The syntax being so simple and so close to natural language makes Python easier to learn for beginners; it’s perfect for teaching the basics of programming to people who have never programmed before. Python still allows you to saturate your code with parentheses and cryptic variable names if that’s what you really like to do, but the basic syntax is much cleaner and certainly no less powerful than that of other languages. I also like Python’s multi-paradigm nature - it may be used as a simple imperative language, as an object-oriented language, or as a functional language.

Standard Library

Python’s ‘batteries included’ philosophy means that it has a rich and powerful standard library. Everything from regular expressions, to web protocol handling (httplib/smtplib etc.), to cryptographic hashing, to database connectivity is included. If something is missing, there will probably already be a third-party library available, which can be found with a simple Google search.

Speed

This may seem like an odd one - I’ve mentioned before that Python is not particularly fast and thus not necessarily suited to computationally expensive tasks; I stick by those claims. However, if you compare Python’s speed to other languages in the same class (‘scripting’ languages such as PHP, Perl, Ruby, etc.), it actually does pretty well. Benchmarks from the Computer Language Benchmark Game website show that Python (just vanilla CPython, not PyPy or CPython+Psyco etc.) generally performs better than PHP and Perl, and knocks Ruby out of the water. Admittedly Lua seems to be faster than Python, but that’s only really used for game scripting. On top of this, Psyco, the fantastic JIT compiler I’ve mentioned in previous posts, can allegedly speed up Python by as much as 100x! If this still isn’t quick enough, functions may be coded in C and compiled and imported as a module, which brings me on to my final topic:

Extensibility

As well as having fantastic standard library, Python is hugely extensible. Extension modules may easily be hand coded in C or C++ to eliminate bottlenecks, or bindings for entire C/C++ libraries can easily be created with SWIG or ctypes. A fantastic example of one such library is PyOpenGL, a Python wrapper around OpenGL, created using ctypes. It allows all the really hard work to be done in C and by the GPU, while allowing the flexibility of Python to used. Python may also be easily embedded in C and C++ applications and used as a scripting language (e.g. 3D software such as Maya).
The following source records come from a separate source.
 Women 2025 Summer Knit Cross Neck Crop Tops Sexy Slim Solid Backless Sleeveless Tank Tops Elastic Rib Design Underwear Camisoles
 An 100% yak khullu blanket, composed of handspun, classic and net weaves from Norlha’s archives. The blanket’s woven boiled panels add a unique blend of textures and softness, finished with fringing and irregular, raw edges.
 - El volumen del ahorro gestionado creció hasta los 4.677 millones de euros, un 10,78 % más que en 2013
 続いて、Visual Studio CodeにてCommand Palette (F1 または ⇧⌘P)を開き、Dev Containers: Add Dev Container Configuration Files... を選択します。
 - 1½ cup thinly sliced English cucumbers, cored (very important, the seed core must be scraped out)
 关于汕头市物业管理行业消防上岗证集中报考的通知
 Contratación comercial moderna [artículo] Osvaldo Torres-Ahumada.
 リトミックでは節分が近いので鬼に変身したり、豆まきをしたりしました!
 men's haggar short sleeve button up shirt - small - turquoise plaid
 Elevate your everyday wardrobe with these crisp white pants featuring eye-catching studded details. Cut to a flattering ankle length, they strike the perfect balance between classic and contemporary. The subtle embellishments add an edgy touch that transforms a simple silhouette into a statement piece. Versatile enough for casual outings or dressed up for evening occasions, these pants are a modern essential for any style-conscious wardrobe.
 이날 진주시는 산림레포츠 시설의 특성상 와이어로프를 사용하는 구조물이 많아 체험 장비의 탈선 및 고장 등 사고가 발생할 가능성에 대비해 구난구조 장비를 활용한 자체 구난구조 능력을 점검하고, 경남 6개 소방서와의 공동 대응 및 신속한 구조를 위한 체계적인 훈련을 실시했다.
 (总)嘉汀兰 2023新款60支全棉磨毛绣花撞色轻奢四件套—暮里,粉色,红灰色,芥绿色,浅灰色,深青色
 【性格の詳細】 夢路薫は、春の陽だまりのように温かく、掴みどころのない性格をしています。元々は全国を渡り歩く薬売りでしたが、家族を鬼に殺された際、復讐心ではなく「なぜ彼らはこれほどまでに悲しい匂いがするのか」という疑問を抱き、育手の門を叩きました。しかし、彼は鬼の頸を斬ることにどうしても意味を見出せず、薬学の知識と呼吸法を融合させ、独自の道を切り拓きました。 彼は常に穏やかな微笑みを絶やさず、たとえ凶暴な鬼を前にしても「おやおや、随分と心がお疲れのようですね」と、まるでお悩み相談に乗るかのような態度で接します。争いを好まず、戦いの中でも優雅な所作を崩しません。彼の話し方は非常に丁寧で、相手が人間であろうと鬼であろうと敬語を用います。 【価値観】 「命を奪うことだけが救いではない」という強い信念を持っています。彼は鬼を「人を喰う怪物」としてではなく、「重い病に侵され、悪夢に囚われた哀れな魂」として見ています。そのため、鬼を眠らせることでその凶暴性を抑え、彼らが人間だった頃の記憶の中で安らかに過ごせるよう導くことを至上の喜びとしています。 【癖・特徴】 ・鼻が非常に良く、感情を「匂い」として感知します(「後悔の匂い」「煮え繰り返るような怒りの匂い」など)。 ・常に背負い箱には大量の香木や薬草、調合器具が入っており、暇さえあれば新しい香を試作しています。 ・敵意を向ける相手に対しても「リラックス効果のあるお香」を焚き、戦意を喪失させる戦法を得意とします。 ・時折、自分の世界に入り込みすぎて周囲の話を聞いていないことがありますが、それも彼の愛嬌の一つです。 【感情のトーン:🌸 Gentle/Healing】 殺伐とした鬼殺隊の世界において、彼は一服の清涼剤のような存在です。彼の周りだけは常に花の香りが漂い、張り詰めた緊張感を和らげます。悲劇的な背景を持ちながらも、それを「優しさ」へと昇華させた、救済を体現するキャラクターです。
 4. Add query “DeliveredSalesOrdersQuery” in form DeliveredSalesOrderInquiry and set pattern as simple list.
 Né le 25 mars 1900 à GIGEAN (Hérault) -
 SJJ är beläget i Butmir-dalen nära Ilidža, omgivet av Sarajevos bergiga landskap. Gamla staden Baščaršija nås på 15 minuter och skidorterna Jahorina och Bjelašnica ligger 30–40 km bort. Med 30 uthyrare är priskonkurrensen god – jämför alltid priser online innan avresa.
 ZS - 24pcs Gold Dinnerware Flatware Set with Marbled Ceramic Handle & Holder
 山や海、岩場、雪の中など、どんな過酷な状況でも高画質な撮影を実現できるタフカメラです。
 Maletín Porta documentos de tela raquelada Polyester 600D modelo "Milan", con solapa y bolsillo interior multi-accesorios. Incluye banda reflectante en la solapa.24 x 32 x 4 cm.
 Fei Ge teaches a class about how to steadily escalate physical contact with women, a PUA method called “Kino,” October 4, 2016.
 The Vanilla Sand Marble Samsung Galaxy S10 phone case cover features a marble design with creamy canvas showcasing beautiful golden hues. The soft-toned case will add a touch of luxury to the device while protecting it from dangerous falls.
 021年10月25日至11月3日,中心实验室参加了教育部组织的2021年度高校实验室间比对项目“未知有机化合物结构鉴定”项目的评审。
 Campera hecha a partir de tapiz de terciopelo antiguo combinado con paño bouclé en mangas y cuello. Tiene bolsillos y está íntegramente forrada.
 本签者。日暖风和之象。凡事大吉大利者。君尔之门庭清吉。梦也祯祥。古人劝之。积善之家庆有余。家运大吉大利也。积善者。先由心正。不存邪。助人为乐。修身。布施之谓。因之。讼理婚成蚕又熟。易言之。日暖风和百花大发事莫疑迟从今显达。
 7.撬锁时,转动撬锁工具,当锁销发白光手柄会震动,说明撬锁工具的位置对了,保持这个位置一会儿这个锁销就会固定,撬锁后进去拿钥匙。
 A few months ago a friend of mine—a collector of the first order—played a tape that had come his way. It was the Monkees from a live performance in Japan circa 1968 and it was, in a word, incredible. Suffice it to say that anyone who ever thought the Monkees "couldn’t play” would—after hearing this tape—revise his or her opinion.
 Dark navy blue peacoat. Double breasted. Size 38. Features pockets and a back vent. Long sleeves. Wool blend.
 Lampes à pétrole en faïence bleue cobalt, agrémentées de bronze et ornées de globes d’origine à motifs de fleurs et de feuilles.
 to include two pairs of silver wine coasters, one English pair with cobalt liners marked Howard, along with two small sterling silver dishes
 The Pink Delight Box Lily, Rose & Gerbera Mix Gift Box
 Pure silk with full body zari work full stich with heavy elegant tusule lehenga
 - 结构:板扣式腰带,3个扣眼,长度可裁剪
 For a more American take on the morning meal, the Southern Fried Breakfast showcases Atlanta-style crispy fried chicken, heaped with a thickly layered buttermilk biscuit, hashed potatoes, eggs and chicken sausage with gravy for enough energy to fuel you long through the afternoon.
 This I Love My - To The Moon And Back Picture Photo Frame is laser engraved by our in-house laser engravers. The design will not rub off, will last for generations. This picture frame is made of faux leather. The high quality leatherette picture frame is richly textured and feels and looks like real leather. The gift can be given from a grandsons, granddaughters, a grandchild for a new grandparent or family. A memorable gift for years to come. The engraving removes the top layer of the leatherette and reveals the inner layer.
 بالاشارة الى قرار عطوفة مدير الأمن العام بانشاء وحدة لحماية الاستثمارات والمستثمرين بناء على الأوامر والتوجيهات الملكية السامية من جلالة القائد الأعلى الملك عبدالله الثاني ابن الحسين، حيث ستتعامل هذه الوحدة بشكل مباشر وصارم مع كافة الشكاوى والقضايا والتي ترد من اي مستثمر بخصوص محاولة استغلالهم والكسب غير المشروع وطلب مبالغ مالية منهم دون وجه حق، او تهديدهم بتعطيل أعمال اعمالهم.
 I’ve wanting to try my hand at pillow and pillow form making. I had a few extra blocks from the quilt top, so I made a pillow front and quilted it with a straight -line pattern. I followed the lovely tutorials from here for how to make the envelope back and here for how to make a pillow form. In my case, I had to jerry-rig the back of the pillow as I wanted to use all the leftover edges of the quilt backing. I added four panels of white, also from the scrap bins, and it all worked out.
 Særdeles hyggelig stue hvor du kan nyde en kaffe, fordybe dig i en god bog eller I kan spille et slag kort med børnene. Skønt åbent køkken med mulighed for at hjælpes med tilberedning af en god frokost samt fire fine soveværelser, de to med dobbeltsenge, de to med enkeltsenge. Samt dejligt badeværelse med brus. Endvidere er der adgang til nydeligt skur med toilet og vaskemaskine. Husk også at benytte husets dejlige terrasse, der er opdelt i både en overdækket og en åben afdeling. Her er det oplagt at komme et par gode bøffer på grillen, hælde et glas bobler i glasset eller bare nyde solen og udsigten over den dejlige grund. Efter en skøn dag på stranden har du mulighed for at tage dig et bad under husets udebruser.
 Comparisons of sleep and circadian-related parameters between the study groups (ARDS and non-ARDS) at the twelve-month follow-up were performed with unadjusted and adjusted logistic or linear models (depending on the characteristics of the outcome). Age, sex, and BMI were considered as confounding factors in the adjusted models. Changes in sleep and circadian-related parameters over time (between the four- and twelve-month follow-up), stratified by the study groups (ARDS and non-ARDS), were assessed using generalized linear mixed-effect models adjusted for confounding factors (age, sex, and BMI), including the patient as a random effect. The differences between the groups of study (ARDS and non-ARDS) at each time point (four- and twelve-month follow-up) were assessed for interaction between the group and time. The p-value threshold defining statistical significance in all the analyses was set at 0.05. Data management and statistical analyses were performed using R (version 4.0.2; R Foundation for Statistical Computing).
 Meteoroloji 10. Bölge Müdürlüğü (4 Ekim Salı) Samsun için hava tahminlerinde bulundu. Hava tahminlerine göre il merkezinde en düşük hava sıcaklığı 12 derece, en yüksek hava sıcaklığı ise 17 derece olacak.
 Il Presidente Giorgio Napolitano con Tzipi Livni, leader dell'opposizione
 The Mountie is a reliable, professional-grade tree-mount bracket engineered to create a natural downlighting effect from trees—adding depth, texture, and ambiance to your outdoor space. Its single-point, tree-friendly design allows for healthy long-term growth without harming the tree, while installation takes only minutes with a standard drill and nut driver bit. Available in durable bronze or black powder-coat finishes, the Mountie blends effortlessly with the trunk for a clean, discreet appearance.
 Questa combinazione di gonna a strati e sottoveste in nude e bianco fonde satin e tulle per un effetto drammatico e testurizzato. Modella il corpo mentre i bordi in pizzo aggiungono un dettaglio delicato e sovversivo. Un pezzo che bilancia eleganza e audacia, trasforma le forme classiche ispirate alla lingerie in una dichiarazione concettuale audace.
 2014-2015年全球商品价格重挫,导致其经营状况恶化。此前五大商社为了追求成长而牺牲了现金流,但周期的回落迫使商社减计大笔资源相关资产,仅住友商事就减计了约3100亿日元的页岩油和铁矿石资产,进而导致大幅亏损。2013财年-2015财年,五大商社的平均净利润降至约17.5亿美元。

I don’t think of Python as a perfect language - it isn’t right for every job and I couldn’t see myself only ever using Python, but I find programming in it more satisfying, rewarding and productive than in any of the other languages I’ve used.

Generating Content with Markov Chains

Posted on July 15th, 2008 in Python, Web Development | 2 Comments »

Reading up on Markov Chains opened my eyes to a way of generating content automatically, based on a probabilistic model. The content generation program would be able to produce pieces of text of variable (user-defined) lengths, that were semi-comprehensible. The program would first go through a training phase, where it is given the document(s) that it were to base its generated text around. For every word in the document(s) the program would record the following word.

When the text was to be generated, the program would pick a random starting word, then produce the following words by making a (weighted) random selection of the words that followed the current word in the training document(s) (based on the data recorded in the training phase). The resulting text wouldn’t make sense to a reader, but would appear at a first glance to make much more sense than just a collection of random words. One possible use for this kind of text would be for pages wishing to achieve a high PageRank in order to raise their advertising revenue (effectively spam pages that appear high up on Google - so don’t actually do it!).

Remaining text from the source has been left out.